Göğüs Hastalıkları Uzmanı Doç. Dr. Bülent Çiftçi yaptığı açıklamada, rakım yükseldikçe oksijen basıncının azaldığını söyledi.
Basıncın azalmasıyla vücudun daha çok solunum yapması gerektiğini belirten Çiftçi, "Biz solunum işini iki amaçlı yapıyoruz.
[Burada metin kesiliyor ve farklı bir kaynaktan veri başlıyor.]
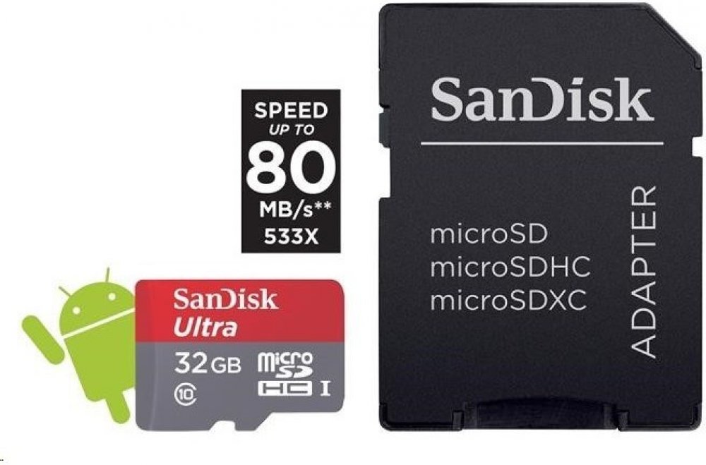 Tento model karty SanDisk Micro Secure Digital (SDHC) Ultra UHS-1 nabídne vysokou kapacitu 32GB a díky vysokým rychlostem je tato karta vhodná pro všechna moderní zařízení, která kladou značné nároky na záznamová média a podporují tento typ karet. Součástí karty je navíc také praktický adaptér na standardní velikost SD.

Oksijen düzeyini artırmak için, bir de oksijeni kullanarak ürettiğimiz karbondioksidi atmak için" dedi.
Fazla solunum yapılmasıyla oksijen alınmaya çalışıldığını ancak karbondioksidin de biraz fazla atıldığını anlatan Çiftçi, şunları kaydetti:
"Karbondioksidi de biraz fazla atınca bu sefer karbondioksit seviyesinin azalmasına bağlı birtakım sorunla karşı karşıya kalıyoruz. Yüksek rakımlı yerlerde uykumuzu asıl etkileyen şey, karbondioksit düzeyinin çok düşmesi. Çünkü beyin çok soluduğumuzu düşünüp nefeste duraksamalara neden oluyor. Beyin ancak bu şekilde karbondioksit seviyesinin yeniden yükselmesini hedefliyor, öyle olunca da uyku esnasında sık sık duraksamalar, uyku bölünmeleri ve bunun neden olduğu sabah yorgun uyanmalar, gün içerisinde uyku bastırmaları oluyor."
Bin 500 metrenin üzerinde görülmeye başlanıyor
Çiftçi, "santral uyku apneleri" denilen sorunun yüksek irtifaya çıkınca, özellikle bin 500 metrenin üzerinde görülmeye başlandığını dile getirerek, "2 bin 500 metreye çıkınca insanların yüzde 25'inde görülmeye başlıyor. 4 bin 500 metreye çıkınca da artık insanların yüzde 100'ünde görülmeye başlayan bir sorun" diye konuştu.
Yüksek rakımlardan tekrar aşağıya inilince sorunun kendi kendine düzeldiğini belirten Çiftçi, "Aslında alçalmayıp da biraz beklesek vücut buna adapte oluyor. Birkaç gün içerisinde düzeliyor. Bu sorun için bir ilacımız var, o ilacı kullanınca da fayda görüyoruz" ifadelerini kullandı.